Tapi, kata Plato (428-348 SM), dalam Republic, tugas pendidikan adalah membebaskan dan memperbaharui; ada pembebasan dari belenggu ketidaktahuan dan ketidakbenaran. Jadi, mencari kebenaran merupakan tujuan pendidikan. Aristoteles (384-322 SM), murid Plato juga mengarahkan pendidikan kepada kebajikan atau nilai (virtue) individu. Kebajikan atau nilai (virtue) itu mengandung dua aspek yaitu intelektual dan moral. “Intelectual virtue in the main owes both its birth and its growth to teaching, while moral virtue comes about as a result of habit.” (Charless Hummel, Aristotle, p.2).

Pertanyaanya, membentuk manusia yang baik menurut siapa? Dalam Islam, Prof. Al Attas menulis bahwa prinsip dasar dari filsafat pendidikan adalah meraih ridha Allah. Muhammad Abduh mengkritik hasil pendidikan yang pragmatis. Katanya “Pendidikan yang disampaikan sehingga murid bisa memperoleh pekerjaan sebagai tenaga admistrasi di sebuah departemen / perusahaan. Namun, hakikat bahwa jiwanya harus dibentuk dengan pendidikan dan dengan menanamkan nilai-nilai luhur sehingga ia menjadi manusia yang salih, yang dengannya ia bisa mengerjakan tugas-tugas yang dipercayakan kepadanya dalam institusi tersebut ( Fazlur Rahman, Islam and Modernity) Menurutnya, tujuan pendidikan adalah menciptakan manusia.
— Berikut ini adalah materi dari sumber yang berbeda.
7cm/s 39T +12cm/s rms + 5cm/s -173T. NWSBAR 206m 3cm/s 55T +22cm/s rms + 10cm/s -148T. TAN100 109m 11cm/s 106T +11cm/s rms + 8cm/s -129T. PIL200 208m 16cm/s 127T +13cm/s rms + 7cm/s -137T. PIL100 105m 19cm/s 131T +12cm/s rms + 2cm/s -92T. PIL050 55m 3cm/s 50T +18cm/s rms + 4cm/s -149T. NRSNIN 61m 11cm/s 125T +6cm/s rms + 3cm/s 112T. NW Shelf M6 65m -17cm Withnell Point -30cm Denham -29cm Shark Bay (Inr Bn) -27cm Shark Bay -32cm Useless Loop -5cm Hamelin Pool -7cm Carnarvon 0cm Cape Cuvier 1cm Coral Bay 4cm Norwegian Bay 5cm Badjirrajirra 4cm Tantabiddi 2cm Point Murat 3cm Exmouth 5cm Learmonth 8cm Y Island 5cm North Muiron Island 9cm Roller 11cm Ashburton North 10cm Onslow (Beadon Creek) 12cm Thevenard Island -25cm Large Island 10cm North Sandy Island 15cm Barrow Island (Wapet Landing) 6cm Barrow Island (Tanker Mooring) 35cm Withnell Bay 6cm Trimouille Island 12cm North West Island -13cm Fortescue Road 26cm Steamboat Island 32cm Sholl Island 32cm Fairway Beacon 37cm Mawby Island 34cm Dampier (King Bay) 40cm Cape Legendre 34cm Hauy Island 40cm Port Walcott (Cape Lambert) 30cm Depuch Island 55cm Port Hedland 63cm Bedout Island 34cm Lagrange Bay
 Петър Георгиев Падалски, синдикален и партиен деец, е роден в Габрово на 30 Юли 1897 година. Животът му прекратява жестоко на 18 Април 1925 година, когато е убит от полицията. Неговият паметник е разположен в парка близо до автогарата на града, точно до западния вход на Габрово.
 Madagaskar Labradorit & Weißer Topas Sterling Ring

Senada dengan Abduh, Prof Al- Attas menjelaskan tujuan tersebut adalah menciptakan manusia yang baik, Al Attas menulis “ Orang yang baik adalah orang yang menyadari sepenuhnya tanggung jawab dirinya kepada Tuhan Yang Hak; yang memahami dan menunaikan keadllan terhadap dirinya sendiri dan orang lain dalam masyarakat ; yang terus berupaya meningkatkan setiap aspek dalam dirinya menuju kesempurnaan manusia yang beradab ( Risalah untuk Kaum Muslimin).
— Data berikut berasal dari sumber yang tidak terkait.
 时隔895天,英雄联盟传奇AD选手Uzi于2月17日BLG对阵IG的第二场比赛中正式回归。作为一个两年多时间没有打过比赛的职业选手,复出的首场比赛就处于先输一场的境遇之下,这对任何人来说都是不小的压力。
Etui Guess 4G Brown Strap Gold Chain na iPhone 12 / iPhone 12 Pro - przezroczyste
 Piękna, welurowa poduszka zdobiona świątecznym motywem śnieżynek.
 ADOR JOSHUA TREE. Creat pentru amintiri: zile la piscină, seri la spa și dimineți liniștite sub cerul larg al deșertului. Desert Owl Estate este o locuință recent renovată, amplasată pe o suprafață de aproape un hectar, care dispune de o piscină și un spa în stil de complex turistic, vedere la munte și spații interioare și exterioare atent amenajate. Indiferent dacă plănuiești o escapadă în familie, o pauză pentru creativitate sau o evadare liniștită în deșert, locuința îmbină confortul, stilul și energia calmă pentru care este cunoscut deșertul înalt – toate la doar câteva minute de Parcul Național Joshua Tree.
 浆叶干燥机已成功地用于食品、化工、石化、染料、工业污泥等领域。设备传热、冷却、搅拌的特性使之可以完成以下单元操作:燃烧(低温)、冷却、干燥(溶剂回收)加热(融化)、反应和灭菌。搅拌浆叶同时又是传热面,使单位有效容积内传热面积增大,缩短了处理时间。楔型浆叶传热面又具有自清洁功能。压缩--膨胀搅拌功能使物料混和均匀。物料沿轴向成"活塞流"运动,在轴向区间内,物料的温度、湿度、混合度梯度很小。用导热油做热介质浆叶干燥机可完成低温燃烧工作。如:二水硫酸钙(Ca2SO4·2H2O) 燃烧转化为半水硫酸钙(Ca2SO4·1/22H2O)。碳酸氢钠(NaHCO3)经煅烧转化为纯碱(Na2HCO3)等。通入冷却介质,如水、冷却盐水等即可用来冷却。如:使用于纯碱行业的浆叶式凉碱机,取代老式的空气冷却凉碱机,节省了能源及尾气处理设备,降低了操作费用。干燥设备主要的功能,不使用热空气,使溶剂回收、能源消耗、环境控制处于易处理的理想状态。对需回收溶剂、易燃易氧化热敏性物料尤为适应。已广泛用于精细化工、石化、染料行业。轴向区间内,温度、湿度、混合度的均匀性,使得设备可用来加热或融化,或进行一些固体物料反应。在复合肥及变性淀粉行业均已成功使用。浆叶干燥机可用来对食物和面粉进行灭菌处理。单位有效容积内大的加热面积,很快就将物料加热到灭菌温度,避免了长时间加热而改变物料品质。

Baik mencakup adab dalam pengertian yang menyeluruh meliputi kehidupan spiritual dan material seseorang, yang berusaha menanamkan kualitas kebaikan yang diterimanya ( Aims and Objectife, Al attas). Pengakuan yang ditanam progressif dalam diri manusia- mengenai tempat sebenarnya dari segala sesuatu dalam susunan penciptaan, yang membimbing seseorang pada pengenalan dan pengakuan terhadap keberadaan Tuhan dalam tananan wujud dan eksistensi (Filsafat dan Praktik Pendikan Islam Al Attas, Prof. Wan Mohd Daud)
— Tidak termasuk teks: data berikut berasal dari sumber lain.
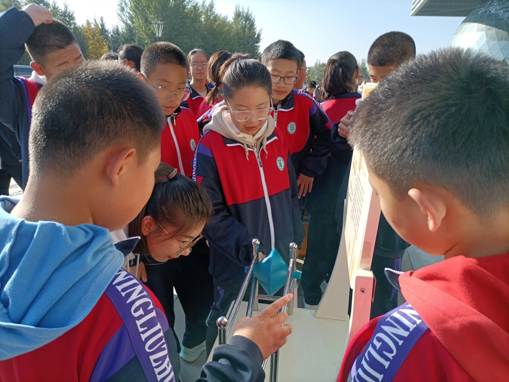 本次活动采用科普展品和展板相结合的形式,以科普大篷车为载体,各类科普展品依次排开,包括看谁跑得快、锥体上滚、最速降线、磁力传动摆、天鹅绒触觉……这些互动展品涵盖了声、光、电、磁等各类学科知识,让原本枯燥的科学知识,以更直观的形式展现在学生眼前,活动现场,气氛热烈,醒目的科普宣传条幅和新奇的科普展品吸引了学生们的围观,大家围在展品前积极讨论,我馆的科普辅导员穿梭在学生中,用通俗易懂的语言为大家讲解展品的操作方法以及包含的科学原理,大家认真聆听,仔细观察展品所展现的科学现象,亲自动手体验科技神奇的魅力。
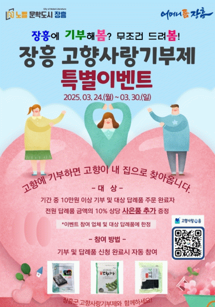 행사에 참여하는 방법은 고향사랑 e음(온라인)에 접속하거나 농협은행을 방문해 장흥군에 10만원 이상 기부하면 된다.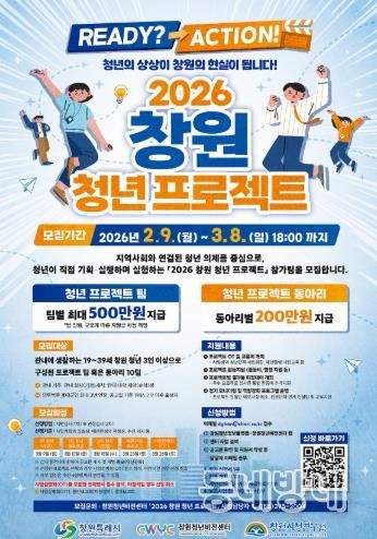 동네방네 김형규 기자 | 창원특례시는 지역 청년들이 사회 의제를 직접 발굴하고 해결하는 과정을 지원하기 위한 창원청년비전센터 ‘2026년 창원 청년 프로젝트’ 참가 팀을 2월 9일부터 3월 8일까지 모집한다고 밝혔다.

Makanya, Dr. Hamid Fahmy menyimpulkan “Memilih kebaikan dengan mengandalkan intelektual semata tanpa penyertaan Tuhan dapat membawa orang kepada kekeliruan yang menyesatkan.. sebab ada hal-hal yang jauh melebihi apa yang dapat kita telaah secara inderawi. Sesuatu yang jauh diluar jangkauan definisi kita tentang makna “baik” itu sendiri. Namun Tuhan menuntut untuk ditemukan dan seharusnya menjadi relasi terbesar dari spiritualitas kita. Agama tidak sebatas retorika tentang jati diri dan pemikiran. Agama adalah terkait masalah yang jauh melebihi daya nalar dan intelektual kita.”Jadi, jangan ragu bawa- bawa Tuhan dalam setiap aspek kehidupan kita, termasuk aspek pendidikan. Wallahu a’lam.

Kebenaran

“Semua adalah relative” (all is relative) merupakan slogan generasi zaman postmodern di Barat, kata Michael Fackerell, seorang missionaries asal Amerika. Ia bagaikan firman tanpa Tuhan, dan sabda tanpa nabi. Ia menyerupai undang-undang, tapi tanpa penguasa. Tepatnya ia doktrin ideologis, tapi tanpa partai. Slogan itu memang enak didengar dan menjanjikan kenikmatan syahwat manusiawi. Baik buruk, salah benar, porno tidak porno, sopan tidak sopan, bahkan dosa tidak dosa adalah nisbi belaka. Artinya tergantung siapa yang menilainya.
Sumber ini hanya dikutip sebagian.